アプリを使って気軽にライブ配信を行えるようになったことで、現在では数多くのライバーが活躍しています。ただし、そのライブ配信で収入を得ている場合、ライバーによっては確定申告の義務が生じます。

どんなライバーに確定申告が必要なのか、ここではそのやり方について説明します。

確定申告が必要なライバーの条件とは?

ライバーの確定申告に関するイメージ

ライバーに確定申告が必要かどうかは、収入が給与として支払われているか、本業か副業かによって異なります。
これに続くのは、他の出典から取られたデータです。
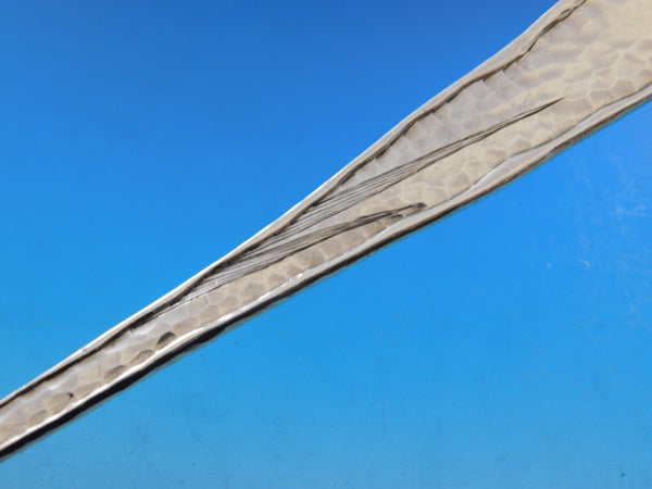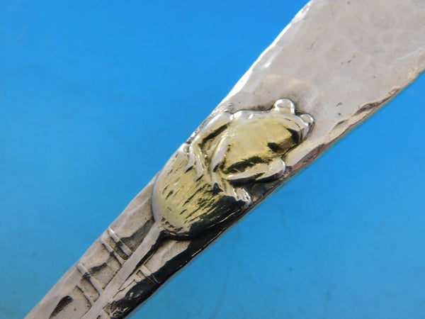 Sterling Silver Soup Ladle heart shaped bowl with gold frog sitting on lily pad, plants, and clouds, 11 1/2" In the pattern Lap Over Edge Mixed Metals by Tiffany Co. It is monogrammed (monos vary) and is in excellent condition.
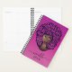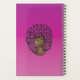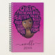 Este diseño presenta "Reina, fenomenal, bella, inteligente, mágica, jefa, amorosa, sexy, independiente, divertida, creativa y fuerte" anidada en su afro, con collares de capas en un fondo magenta.

ライバーとして自分がどのパターンに該当するのかを次の説明で確かめてみてください、

事務所から給与を支給されている本業のライバーの場合

事務所や企業などに所属し、給与を支給されているのであれば、そのライバーは本業と判断されます。

収入が給与の場合には、事務所や企業で年末調整が行われるため、ライバーは確定申告の必要がありません。

年末調整とは、1年間に支給された給与にかかる税額を算出し、源泉徴収によってあらかじめ天引きされた税金との差額を精算することです。

ただし、事務所や企業に所属し給与を得ているライバーであっても、年間の収入が2,000万円超の場合は確定申告の義務が生じます。

個人事業主やフリーランスとしての本業のライバーの場合

事務所や企業から給与を支給されておらず、個人事業主やフリーランスとして本業のライバーを行っている場合、年間所得48万円を超えると確定申告が必要です。

確定申告では、所得控除と呼ばれる制度によって、所得から所得金額を減らせます。

所得控除にはさまざまな種類があり、それぞれ条件も異なっています。その中の基礎控除は、所得金額が2,400万円以下ならば、一律48万円が差し引かれます。

会社に勤務している副業のライバーの場合

ライブ配信とは無関係に、会社や店舗などに勤務している場合、ライバーは副業でしょう。副業ライバーは、年間所得20万円超で確定申告の義務が発生します。

この場合の確定申告は、本業の勤務先で行われる年末調整とは別です。

また、ふるさと納税の申請を行うためなど、たとえ年間所得が20万円以下の場合でも、確定申告することに問題はありません。確定申告する場合、20万円以下の副業の所得も申告が必要です。

ライバーが確定申告する方法と書き方

ライバーの確定申告に関するイメージ

ライバーが確定申告書を作成する際、特に迷いやすい部分や手続きについて説明します。まず、確定申告書の書き方ですが、ライバーが確定申告する際、職業欄にはそのまま「ライバー」と記入します。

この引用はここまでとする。